If they’d been on the verge of a tender moment, it was lost amidst instructions on where to find the vacuum cleaner and fresh kitty litter. Ever the pragmatist, Zander reconciled himself to business talk.

“Let’s tackle another of those missing pieces,” she began. “Why did you and Devin wait until recently to reveal he cowrote your first hits?

He’d always known they’d have to address this eventually. “When Rage started out, we didn’t think we’d be taken seriously, admitting a sixteen-year-old coauthored our songs. So I took sole credit and Dev and I had a private arrangement on royalties. When he heard I was negotiating for our songs to be used in commercials, he sought recognition to kill the deal.” He’d never admitted that publicly before and her eyes widened slightly in appreciation of the scoop.

“Why didn’t you check with him before you said yes?”

“I didn’t think he’d object.”

“Even though he’s a recovering alcoholic and the campaign was for a liquor brand?”

Zander worded his response carefully. “I needed money for the tour and at that stage I expected Dev to rejoin Rage. Once he made his position clear, I scuppered the deal.”

“And the agency sued for breach of contract.”

“We settled out of court.”

Everything he said was true, but what he left out made Zander feel like a liar.

“The payout must have been a huge financial setback for the tour.”

Oh yeah. “I found other funding.” Mortgaging everything he owned.

To his relief, Elizabeth didn’t ask where. “How does somebody with such business acumen misread a contract—and his brother—so badly?”

“You have no idea how arrogant I was then.” High-handed. Selfish. And a crook.
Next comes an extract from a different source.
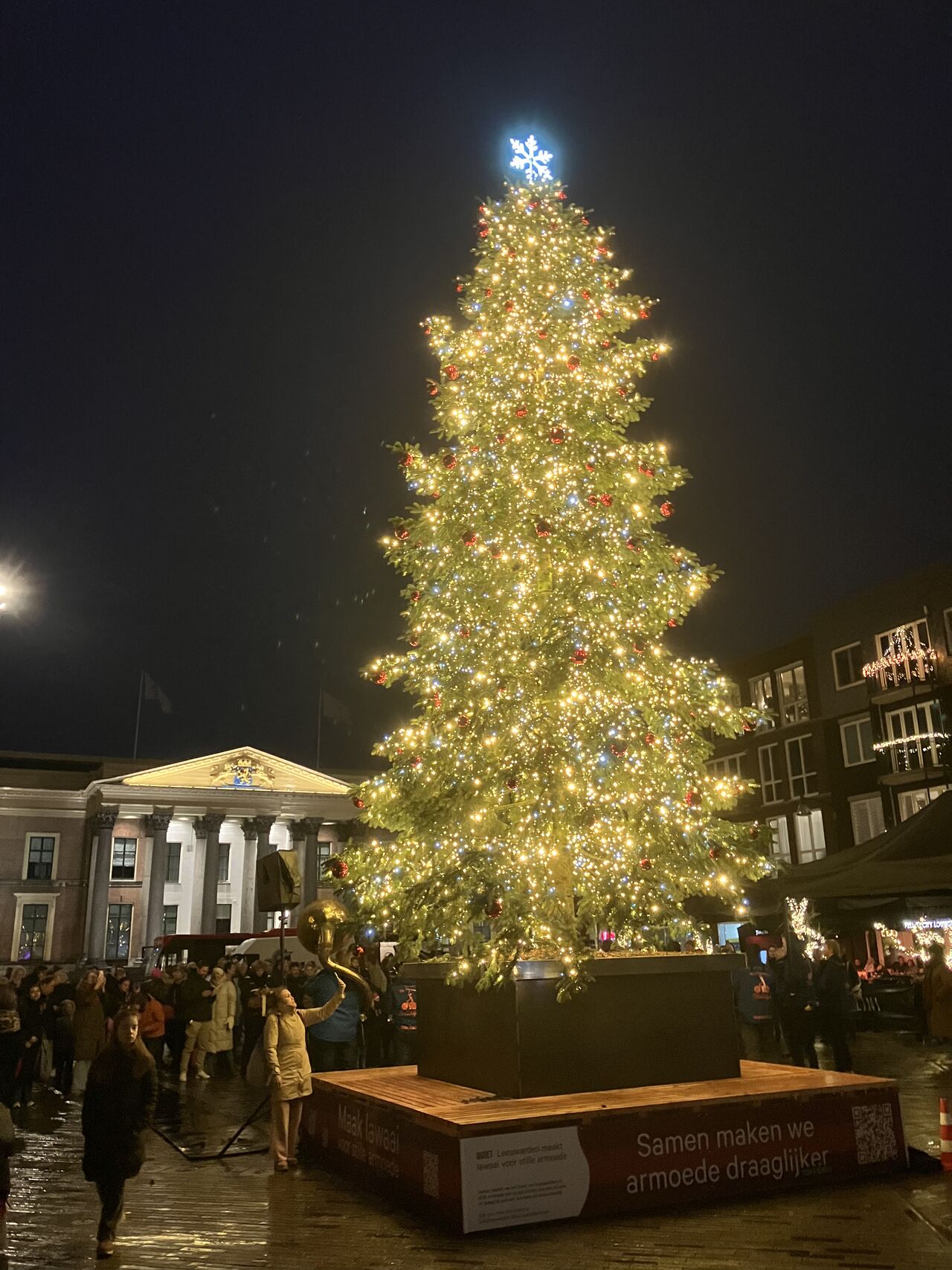 De boom moest daarom een echt “wow effect” hebben en mensen samenbrengen. De boom is met duizenden Led lampjes op een unieke manier verlicht. Deze laten we in de boom hangen de komende jaren. Zolang dat kan qua boom en groei.

Elizabeth chuckled, thinking he was joking, and Zander forced a smile. “Believe it or not, I’m new and improved.” Guilt he’d learned to live with, but shame had arrived with sobriety. “Anyway, you need to clean spring or whatever it is that helpful people do.” He found himself squirming under her clear-eyed gaze. “I’ll go flirt with a supermodel and create a photo op for the press.”

“It’s a tough job, but someone’s got to do it,” she teased.
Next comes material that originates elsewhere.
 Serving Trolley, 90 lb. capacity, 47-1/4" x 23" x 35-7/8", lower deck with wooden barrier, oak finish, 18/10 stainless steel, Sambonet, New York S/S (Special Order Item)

“You know, a little insecurity would really help my ego,” he said half-seriously, but Elizabeth only laughed at him.

Zander’s answering smile faded when he cut the Skype connection.

He had no qualms about withholding his darkest secrets in the memoir, but he was starting to feel conflicted about what he hid from Elizabeth. The line between self-protection and misrepresentation wasn’t something he’d ever had to consider because he’d never let any woman get close. But he wanted—craved—intimacy with her.

And she would never understand his past actions. Lately Zander had been having trouble understanding them himself.

How do you explain to the woman you love that you defrauded your own brother?